> **Information shown**
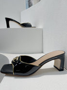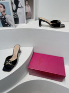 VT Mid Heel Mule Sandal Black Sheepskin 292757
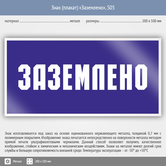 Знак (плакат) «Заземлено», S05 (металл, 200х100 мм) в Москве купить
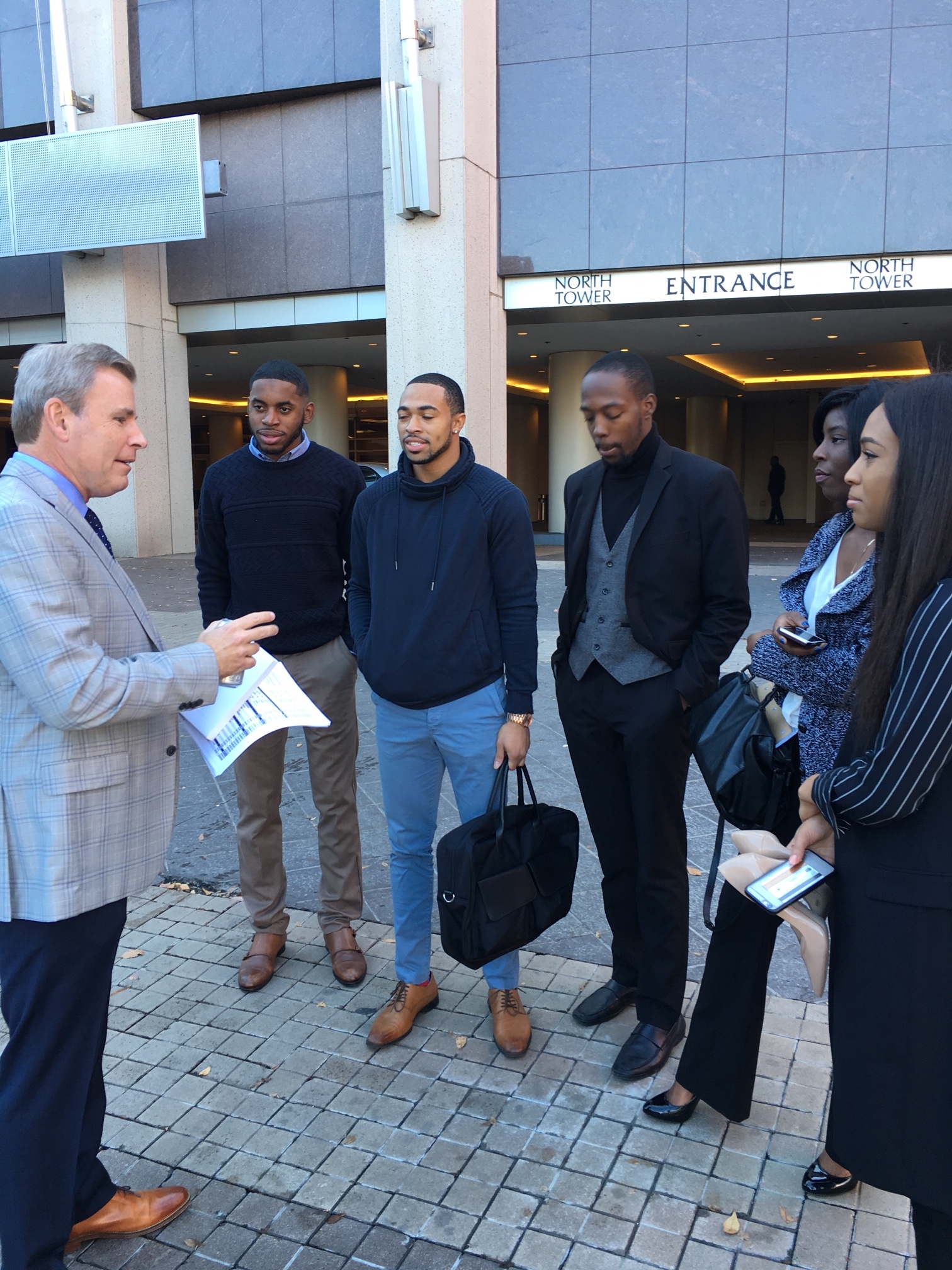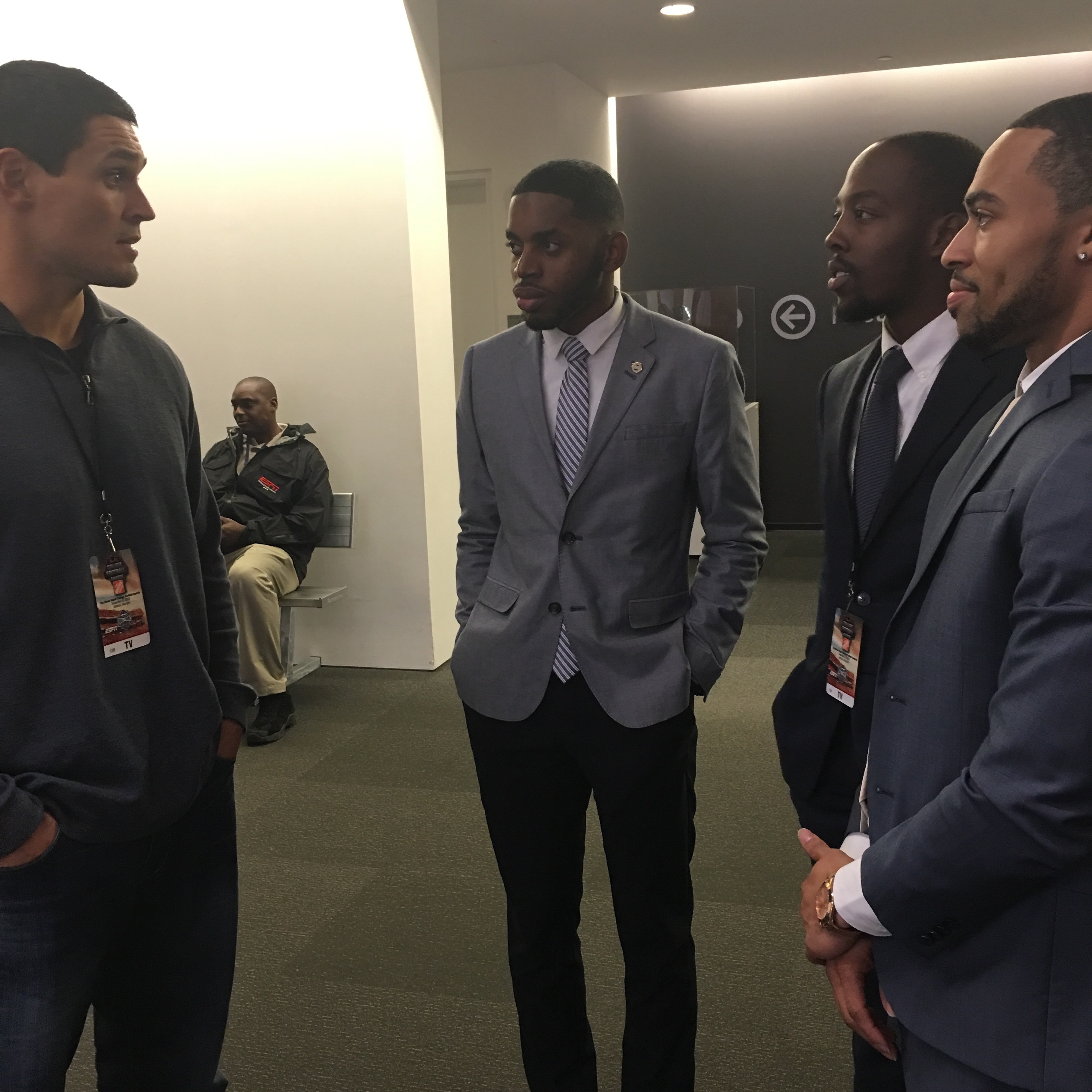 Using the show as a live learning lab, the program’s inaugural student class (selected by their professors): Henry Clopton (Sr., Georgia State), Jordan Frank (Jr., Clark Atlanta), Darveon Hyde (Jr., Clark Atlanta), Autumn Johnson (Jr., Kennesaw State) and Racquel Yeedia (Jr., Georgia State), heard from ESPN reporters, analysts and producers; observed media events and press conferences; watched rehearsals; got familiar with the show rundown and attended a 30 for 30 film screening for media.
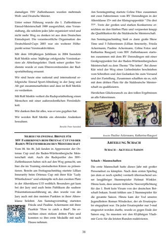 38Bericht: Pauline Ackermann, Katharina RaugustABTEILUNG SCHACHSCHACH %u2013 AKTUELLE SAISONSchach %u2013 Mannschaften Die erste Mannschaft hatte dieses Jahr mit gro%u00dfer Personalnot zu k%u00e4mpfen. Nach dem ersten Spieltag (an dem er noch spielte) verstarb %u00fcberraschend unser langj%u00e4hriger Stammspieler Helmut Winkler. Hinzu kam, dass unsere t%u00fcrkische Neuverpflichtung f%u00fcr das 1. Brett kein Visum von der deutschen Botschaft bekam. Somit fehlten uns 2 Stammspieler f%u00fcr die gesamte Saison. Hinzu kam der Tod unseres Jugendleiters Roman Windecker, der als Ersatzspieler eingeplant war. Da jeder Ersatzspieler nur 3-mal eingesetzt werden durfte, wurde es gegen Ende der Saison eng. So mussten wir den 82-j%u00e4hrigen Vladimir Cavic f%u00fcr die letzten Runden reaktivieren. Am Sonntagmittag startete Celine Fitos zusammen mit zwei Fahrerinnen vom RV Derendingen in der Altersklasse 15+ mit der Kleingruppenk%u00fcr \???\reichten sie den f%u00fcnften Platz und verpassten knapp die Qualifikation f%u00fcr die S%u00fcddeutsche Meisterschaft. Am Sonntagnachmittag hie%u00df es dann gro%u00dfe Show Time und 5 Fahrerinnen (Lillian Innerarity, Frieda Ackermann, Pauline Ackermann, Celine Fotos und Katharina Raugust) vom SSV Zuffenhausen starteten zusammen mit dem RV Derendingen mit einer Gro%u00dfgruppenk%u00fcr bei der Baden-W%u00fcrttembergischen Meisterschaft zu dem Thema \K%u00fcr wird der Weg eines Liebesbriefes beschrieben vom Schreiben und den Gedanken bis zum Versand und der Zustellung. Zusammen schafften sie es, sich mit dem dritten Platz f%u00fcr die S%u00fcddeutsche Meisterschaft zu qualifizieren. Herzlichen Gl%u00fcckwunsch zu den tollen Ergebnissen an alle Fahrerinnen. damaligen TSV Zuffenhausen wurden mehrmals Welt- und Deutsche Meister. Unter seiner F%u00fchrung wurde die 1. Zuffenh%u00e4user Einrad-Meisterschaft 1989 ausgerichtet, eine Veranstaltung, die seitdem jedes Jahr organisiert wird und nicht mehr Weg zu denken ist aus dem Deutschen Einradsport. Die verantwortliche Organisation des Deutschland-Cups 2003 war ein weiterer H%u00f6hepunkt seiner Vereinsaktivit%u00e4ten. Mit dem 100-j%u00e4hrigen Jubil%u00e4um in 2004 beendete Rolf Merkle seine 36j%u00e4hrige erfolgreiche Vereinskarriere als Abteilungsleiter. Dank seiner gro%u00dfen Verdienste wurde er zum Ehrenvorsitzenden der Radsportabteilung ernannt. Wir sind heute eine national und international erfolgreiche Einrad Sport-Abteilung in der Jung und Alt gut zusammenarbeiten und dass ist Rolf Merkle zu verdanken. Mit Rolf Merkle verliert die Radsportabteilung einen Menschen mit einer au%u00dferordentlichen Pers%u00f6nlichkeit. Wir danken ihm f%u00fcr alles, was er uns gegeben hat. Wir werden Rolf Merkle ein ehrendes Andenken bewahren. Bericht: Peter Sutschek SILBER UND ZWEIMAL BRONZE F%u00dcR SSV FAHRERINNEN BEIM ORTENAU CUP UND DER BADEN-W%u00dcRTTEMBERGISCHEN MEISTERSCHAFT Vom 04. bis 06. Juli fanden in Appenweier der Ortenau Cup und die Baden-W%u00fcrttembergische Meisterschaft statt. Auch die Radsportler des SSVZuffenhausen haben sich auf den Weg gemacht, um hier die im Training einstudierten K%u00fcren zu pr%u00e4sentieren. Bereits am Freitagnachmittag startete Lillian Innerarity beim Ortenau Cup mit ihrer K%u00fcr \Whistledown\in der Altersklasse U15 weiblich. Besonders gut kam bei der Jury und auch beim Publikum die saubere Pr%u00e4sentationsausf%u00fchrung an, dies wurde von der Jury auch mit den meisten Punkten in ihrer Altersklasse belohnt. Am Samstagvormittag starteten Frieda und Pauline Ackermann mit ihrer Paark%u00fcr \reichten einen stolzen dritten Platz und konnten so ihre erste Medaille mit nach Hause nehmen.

> **What the exercise asks**
Only lines go in the copy, not pictures. Transcribe exactly from the start of the listing through the line containing "в Москве купить".

> **Expected output**
 VT Mid Heel Mule Sandal Black Sheepskin 292757
 Знак (плакат) «Заземлено», S05 (металл, 200х100 мм) в Москве купить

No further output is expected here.